Anything less than 125 btu takes a long time to rev up, unless you idle the slab, which gets very energy intensive.

The slab only needs to be 34F to melt, generally a 80- 110 supply fluid.

Just as you do a heatload for a home you can do a load calc for snowmelt.  It's based on your location and the class of system you want.

All of the radiant manufacturers have snowmelt load program on their design software.  It take weather data from your location sizes the tube diameter, lengths and pump requirements.  40- 50% glycol, which takes more pump power and a way to isolate the snowmelt from the boiler fluid so you don't need to glycol the entire system.  Insulate under the slab of course, 2" like a heated radiant slab.

On some jobs we melted just the tire tracks or walk path, not the entire slab.

The state of Wisconsin banned residential snowmelts for awhile due to the large amount of gas they draw.  They may have lifted that ban.

In some resort areas it does pencil out when compared to the cost of hauling and dumping snow due to the tight building density and lack of snow storage space.

It would be tough to size a single boiler to cover your building heat and do much snow melting, you almost need to dedicate a boiler just to the melt load.

Tube the slab if you have the $$ to do it, and use it a s a DHW pre-heat "solar collector" in the summer.

hr


----------



## free75degrees (Sep 17, 2010)

I have thought about doing this.  I have an unpressurized storage tank and i was thinking I would add a coil to that and use it to feed the driveway loop.  This way I wouldn't have to worry about boiler return temps, and I'd also be able to use antifreeze without it mixing with the rest of my boiler water.  I'll definitely do the math first to make sure it wouldn't take too much extra wood though.


----------



## in hot water (Sep 17, 2010)

a cord of oak is about 27Mbtu.  Times the burn efficiency, maybe 70%?   That gets you down to 18.9Mbtu.  There are some efficiency loss through heat exchangers, storage, piping to and from, etc, take some % out for that. 

 So if you know how many BTU/hr you will dump out to the slab, keeping in mind the losses out at the slab, you can get an idea how much wood it takes to phase change snow to water.

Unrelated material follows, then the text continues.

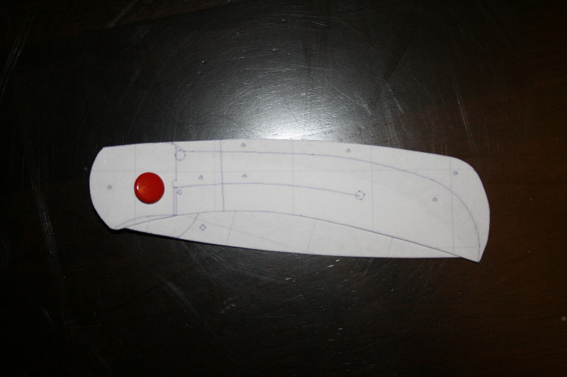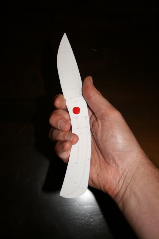 I was going to ask David if he has a pic of the build off knife in a closed position to see what it would look like but then I thought I can use the power of my (not quite a water jet) ink jet printer to print out a copy. Then I can see how things will all line up and how it will look in the hand as well as closed. So here are some pics.

And an excellent point above, about where the melt water goes.  You don't want an ice dam at the end of the slab that you can't drive or walk over.

Wind is tough on snowmelt slabs, it really scrubs away some energy.  Any type of edge insulation detail will help as will wind breaks.

hr


----------



## bulldogbones (Sep 18, 2010)

Thats some great reading guys The btu per sq ft was helpful, since I have 800 sq ft to heat (40'x20') so thats 800x150=120,000 btu's sooooooo I think this idea will get shelved, since I have an entire house to heat on a 140k btu boiler. And I think between the house and a driveway that would MAX the boiler out and I would be constantly feeding the boiler.


----------



## sgrenier35 (Sep 18, 2010)

You could always set up the zone so it only runs when the house heat is satisfied.  and or use it for a dump zone.


----------



## 4acrefarm (Sep 18, 2010)

I was thinking of a manual valve the diverts the solar antifreeze to the slab instead of the water tank. I would only use it occasionally for safety. The area is shaded on south and west sides and is our main entrance. I don't have solar yet but it's in the plans. I have a bunch of panels and I would combine the solar with wood with 1000 gal of storage.


----------



## bulldogbones (Sep 18, 2010)

sgrenier35 said:
			
		

> You could always set up the zone so it only runs when the house heat is satisfied.  and or use it for a dump zone.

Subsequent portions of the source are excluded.